# Question about Upcoming Reserve Academy scheduling conflict with Civil Service Test



## MCPHS401 (Feb 13, 2007)

Hey Everyone,

Well this is my first post and thread on Mass cops as I just recieved my acceptance letter for the Reserve Academy in Plymouth starting March 5th,2007. My question is, since the Academy runs Mon-Wed nights and on Saturdays, and the upcoming civil service exam is on a Saturday, should I register for the exam? I am not sure if they give us the day off from class to do it or if we take it at the academy or what. Has anyone been through this scheduling conflict while in the academy before? If so, please let me know. Thanks,

Jake


----------



## kidiaz (Jan 2, 2007)

you will be crazy not to take the exam!!!! call in sick or find a good exuse.


----------



## sureshot (Mar 22, 2006)

You are usually allowed a certain number of absences from the academy.
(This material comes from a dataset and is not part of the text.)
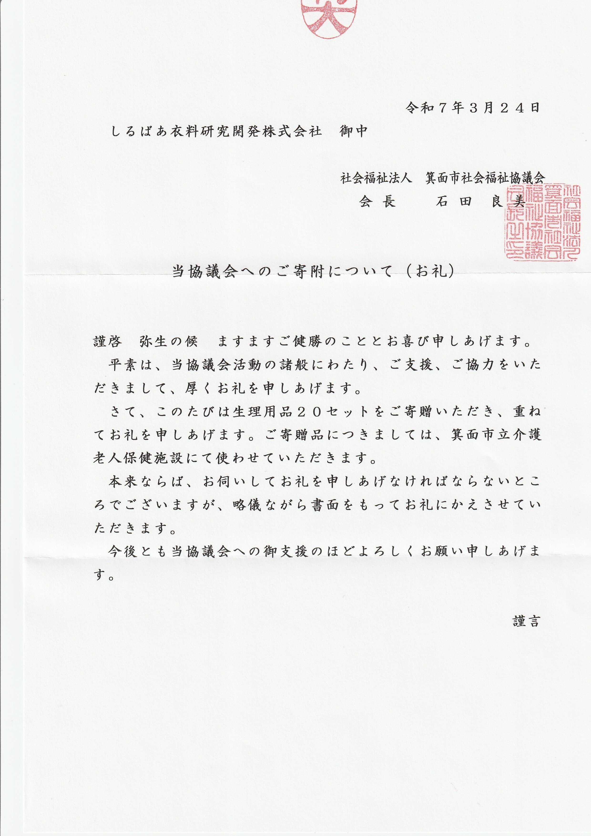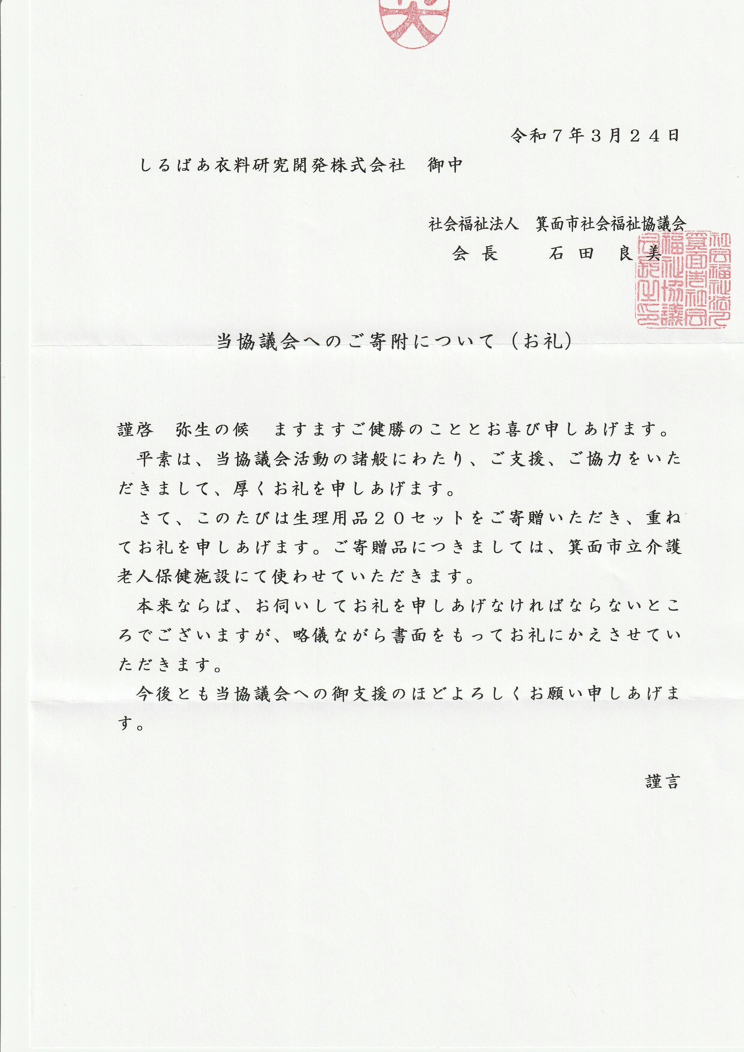 2025/04/01 17:03今回のプロジェクトにてご支援頂きました支援金を使わせて頂いて大阪府箕面市の「社会福祉協議会」さまに寄付させて頂いた布製生理用品に対してのお礼のお手紙を頂きました。当初予定していた、寄付先とは違う「老人介護施設」への寄贈とはなりましたが弊社の製品が、少しでもお困り方の元に届いて喜んで頂けたら良いと思っております。また準備が整いましたら引き続き支援プロジェクトを立ち上げさせて頂こうと思っておりますのでその際は、またご支援ご協力頂けましたら幸いです。ベイビーハーツ もっと見る

Given that the saturday isnt scheduled for something liek OC / baton which is a mandatory day, it shouldn't really be a problem.
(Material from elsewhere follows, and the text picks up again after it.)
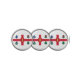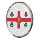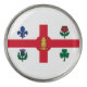 Golf Ball Marker with the flag of Montreal, the most populous city in the province of Quebec, Canada. A white flag with a red cross, a white pine, a blue Fleur-de-lys, a red Rose of Lancaster, a shamrock, and a thistle

might not hurt to give the scheduling coordinator a phone call as I am sure more than 75% of the class is in your boat.


----------



## REILEYDOG (Nov 5, 2005)

*Re: Question about Upcoming Reserve Academy scheduling conflict with Civil Service Te*

The same thing happened when I did the reserve academy a few years back. Knowing that most of the class was going to be scheduled to take the CS exam, the staff made arrangements.


----------



## NytroCop (Feb 4, 2007)

Yeah, I signed up for the Corrections Officer test before I even dreamt of being accepted into this R/I A. I have the confirmation e-mail and snail mail to back me up. I would ASSume that they'd have to take that into consideration.

AJ


----------



## Goose (Dec 1, 2004)

When I did the R/I academy we were allowed one absence without having to make it up...provided it was not the final exam day or the suicide prevention day.


----------



## Guest (Mar 1, 2007)

My R/I actually rescheduled our class the day of the exam, because so many of us were taking it. Just talk with other people in your class, and approach the instructor about it. They know you guys want to become full-time cops.


----------



## MCPHS401 (Feb 13, 2007)

*Re: Question about Upcoming Reserve Academy scheduling conflict with Civil Service Te*

Im sure it wont be an issue, its not like they didnt see it coming, I was just wondering if there was a set procedure, or even if they had the proctors come in and issue the test there. I will ask about it the first day there. Thanks guys


----------



## Guest (Mar 1, 2007)

I am sure it won't be an issue either. But, make sure you bring it up at the beginning of the course.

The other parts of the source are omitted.